= Houston Arrow =

Section of the western half of Houston, Texas

The Houston Arrow is a term referring to a section of the western half of the US city of Houston, Texas. Its name refers to the fact that it takes the shape of an arrow when mapped out. The arrow begins around the Addicks and Barker reservoirs, and runs south of Interstate 10 and north of the Westpark Tollway before ending in a triangle near Downtown Houston. It tends to be most visible on maps showing inequality in Houston, as neighborhoods within the "arrow" are wealthier and more educated than surrounding neighborhoods and receive better city services. It also has a much larger white population than the rest of the city. While most of Houston leans towards the Democratic Party, the arrow is much more politically conservative, with many voters backing Republican candidates. However, following with nationwide trends of educated suburban areas towards the Democrats, the area has seen large political shifts in recent years, with places like Bellaire backing Joe Biden in 2020.
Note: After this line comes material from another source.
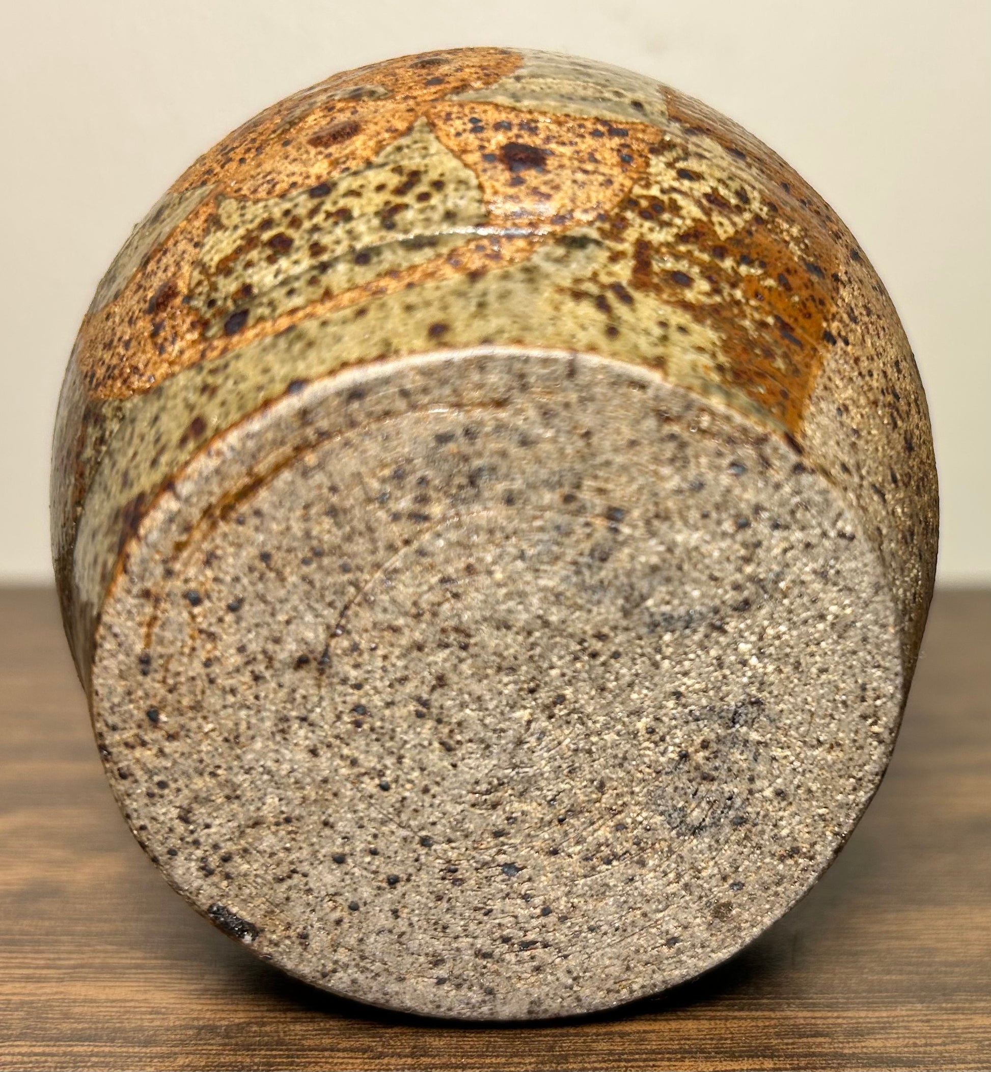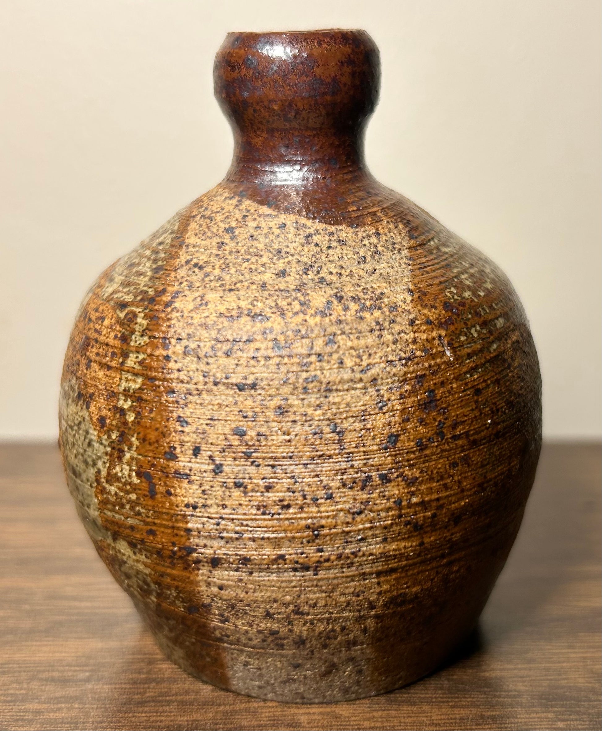 Experience the beauty of Japanese craftsmanship with this Vintage Circa Mid 20th Century Bizen Ware Pottery Weed Pot Vessel. This exquisite piece features delicate floral motifs and a goma style ash glaze, creating a unique and organic form. Perfect as a small accent decor piece, it adds a touch of elegance to any space.

The arrow contains many of Houston's most prosperous areas, such as River Oaks and the Memorial Villages. The arrow began to see development in the 1920s, when Houston's wealthy elites began to settle in the area. They excluded non-white residents, as well as Jews, from living in neighborhoods like River Oaks. The wealth and political connections of the arrow's residents allowed them influence over Houston's development; for instance, while highway development greatly disrupted Houston's majority-black neighborhoods, significant concessions and changes were granted at the request of property owners within the arrow.